(Supplied information):
━━━━━━━━━━

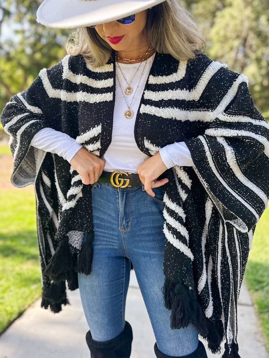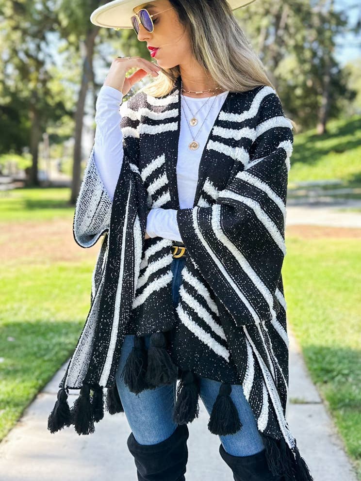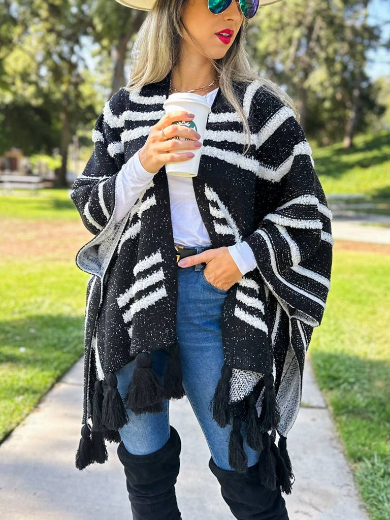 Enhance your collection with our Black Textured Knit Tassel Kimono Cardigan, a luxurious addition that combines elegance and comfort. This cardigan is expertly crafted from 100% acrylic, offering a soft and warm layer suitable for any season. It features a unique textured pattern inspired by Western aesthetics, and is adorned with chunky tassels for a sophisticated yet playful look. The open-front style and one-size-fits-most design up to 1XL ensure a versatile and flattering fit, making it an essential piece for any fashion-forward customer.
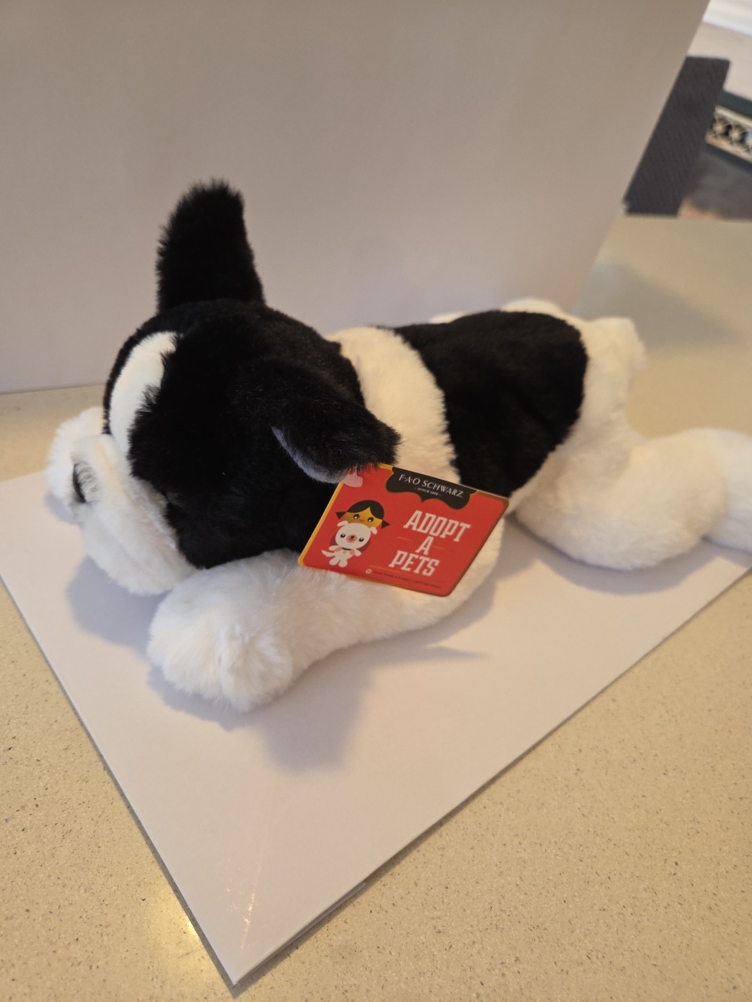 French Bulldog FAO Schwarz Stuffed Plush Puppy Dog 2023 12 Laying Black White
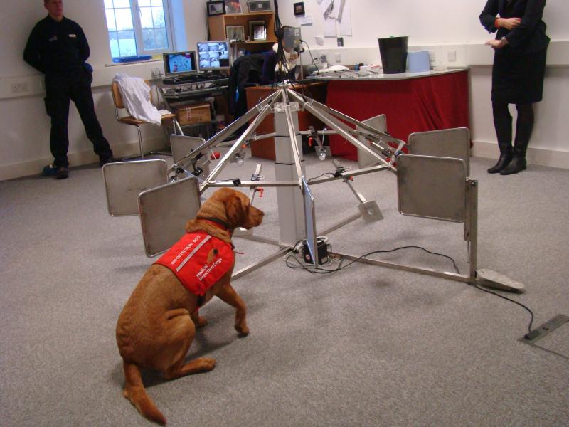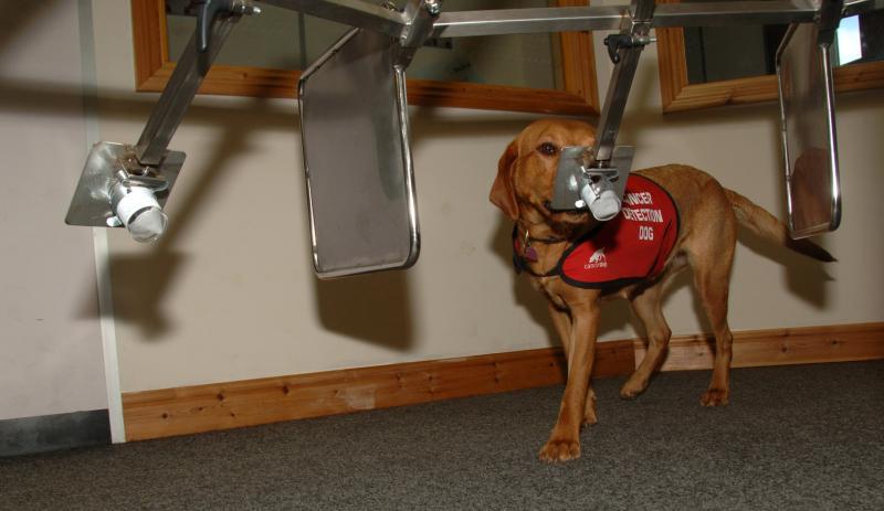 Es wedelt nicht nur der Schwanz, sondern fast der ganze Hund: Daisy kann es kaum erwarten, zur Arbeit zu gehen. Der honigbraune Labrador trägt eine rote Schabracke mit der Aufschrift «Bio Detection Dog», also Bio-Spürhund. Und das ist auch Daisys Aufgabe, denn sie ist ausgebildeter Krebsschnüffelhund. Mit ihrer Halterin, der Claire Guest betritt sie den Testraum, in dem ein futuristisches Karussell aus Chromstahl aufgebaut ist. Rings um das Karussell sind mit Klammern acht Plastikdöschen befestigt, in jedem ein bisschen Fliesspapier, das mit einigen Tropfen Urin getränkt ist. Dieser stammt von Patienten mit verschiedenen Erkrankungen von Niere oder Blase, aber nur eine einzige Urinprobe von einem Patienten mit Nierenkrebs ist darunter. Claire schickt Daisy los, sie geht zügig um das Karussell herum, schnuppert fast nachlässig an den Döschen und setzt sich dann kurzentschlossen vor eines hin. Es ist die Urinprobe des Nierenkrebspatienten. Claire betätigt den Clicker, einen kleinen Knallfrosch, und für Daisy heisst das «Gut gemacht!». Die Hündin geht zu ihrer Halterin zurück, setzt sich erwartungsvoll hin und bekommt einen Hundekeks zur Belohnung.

━━━━━━━━━━

(What is being asked): Drop the pictures and set down the data above exactly.

(Result below):
 Enhance your collection with our Black Textured Knit Tassel Kimono Cardigan, a luxurious addition that combines elegance and comfort. This cardigan is expertly crafted from 100% acrylic, offering a soft and warm layer suitable for any season. It features a unique textured pattern inspired by Western aesthetics, and is adorned with chunky tassels for a sophisticated yet playful look. The open-front style and one-size-fits-most design up to 1XL ensure a versatile and flattering fit, making it an essential piece for any fashion-forward customer.
 French Bulldog FAO Schwarz Stuffed Plush Puppy Dog 2023 12 Laying Black White
 Es wedelt nicht nur der Schwanz, sondern fast der ganze Hund: Daisy kann es kaum erwarten, zur Arbeit zu gehen. Der honigbraune Labrador trägt eine rote Schabracke mit der Aufschrift «Bio Detection Dog», also Bio-Spürhund. Und das ist auch Daisys Aufgabe, denn sie ist ausgebildeter Krebsschnüffelhund. Mit ihrer Halterin, der Claire Guest betritt sie den Testraum, in dem ein futuristisches Karussell aus Chromstahl aufgebaut ist. Rings um das Karussell sind mit Klammern acht Plastikdöschen befestigt, in jedem ein bisschen Fliesspapier, das mit einigen Tropfen Urin getränkt ist. Dieser stammt von Patienten mit verschiedenen Erkrankungen von Niere oder Blase, aber nur eine einzige Urinprobe von einem Patienten mit Nierenkrebs ist darunter. Claire schickt Daisy los, sie geht zügig um das Karussell herum, schnuppert fast nachlässig an den Döschen und setzt sich dann kurzentschlossen vor eines hin. Es ist die Urinprobe des Nierenkrebspatienten. Claire betätigt den Clicker, einen kleinen Knallfrosch, und für Daisy heisst das «Gut gemacht!». Die Hündin geht zu ihrer Halterin zurück, setzt sich erwartungsvoll hin und bekommt einen Hundekeks zur Belohnung.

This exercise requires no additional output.